Total Unit Stake = 1000000
Total Unit PnL ROI = 0.14747568000001127
Total Kelly Stake = 1000000.0000000458
Total Kelly PnL ROI = 0.05533722176597893


After running a simulation for 1,000,000 samples, we observe that the PnL ROI for the unit strategy is 0.1475 and the PnL for the kelly startegy is 0.0553, and therefore the model should be profitable in the long term. The fact that the unit strategy performs better than the kelly strategy indicates that the models predictions for the betting prices are accurate but not precise. In other words, the model predicts correctly when a bet should be made (i.e. when the bookmaker underestimates the probability of a horse winning), but the actual values of the betting prices are not reflective enough of the true probabilities to weigh bets differently on a basis of the models predictions. 

#### b). Which of the four prices (win_starting_price, Early_Market_Price, Early_Model_Price, Starting_Model_Price) is the best predictor of the win_fair_price, based on the data provided? Explain your answer.

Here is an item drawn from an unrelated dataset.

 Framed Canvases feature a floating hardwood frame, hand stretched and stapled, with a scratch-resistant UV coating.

In order to determine which of the prices is a better predictor of the true price we can calculate the $r^2$ value which estimates the correlation between two variables. If we do this for all of the above variables, the one closes to +1 is the better predictor. 

In [140]:
from scipy import stats

true_price = horses_df['win_fair_price']
early_market_price = horses_df['Early_Market_Price']
early_model_price = horses_df['Early_Model_Price']
starting_model_price = horses_df['Starting_Model_Price']

def r_squared(x, y):
    slope, intercept, r_value, p_value, std_err = stats.linregress(x, y)
    return r_value**2

early_market = r_squared(true_price, early_market_price)
early_model = r_squared(true_price, early_model_price)
starting_model = r_squared(true_price, starting_model_price)

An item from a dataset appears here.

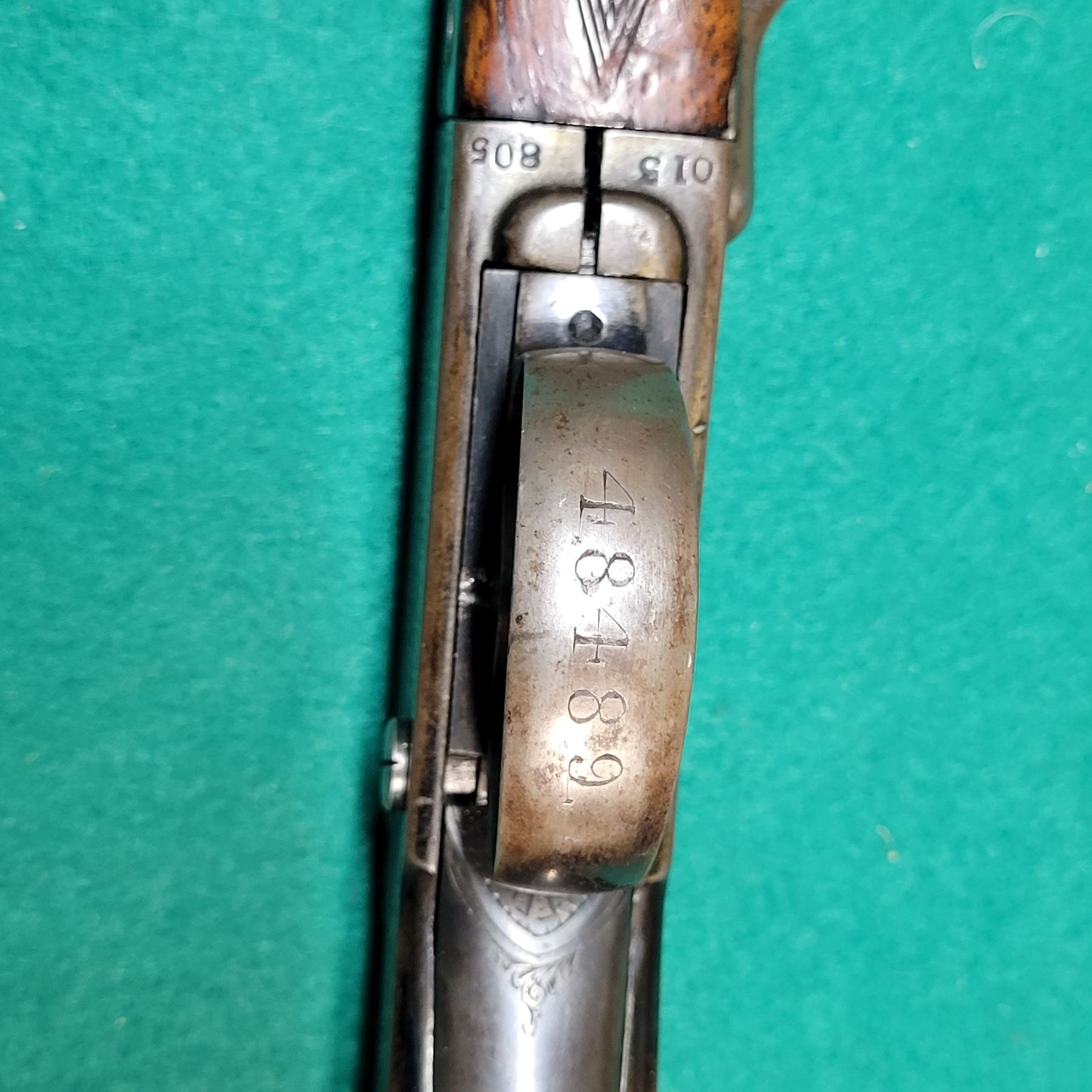 This is the takedown Model with a 26" Barrel. The bore has prominent rifling with some light frosting. The trigger guard serial number does not match the rifle.

print(r"Early Market r^2 = {:.4f}".format(early_market))
print(r"Early Model r^2 = {:.4f}".format(early_model))
print(r"Starting Model r^2 = {:.4f}".format(starting_model))

Early Market r^2 = 0.3076
Early Model r^2 = 0.0050
Starting Model r^2 = 0.0050


The coefficients of determination between the fair price and the different prices are: 

- Early Market Price = 0.3076
- Early Model Price = 0.0050
- Starting Model Price = 0.0050

Therefore the best predictor of the actual probability that a horse wins is the mearly market price.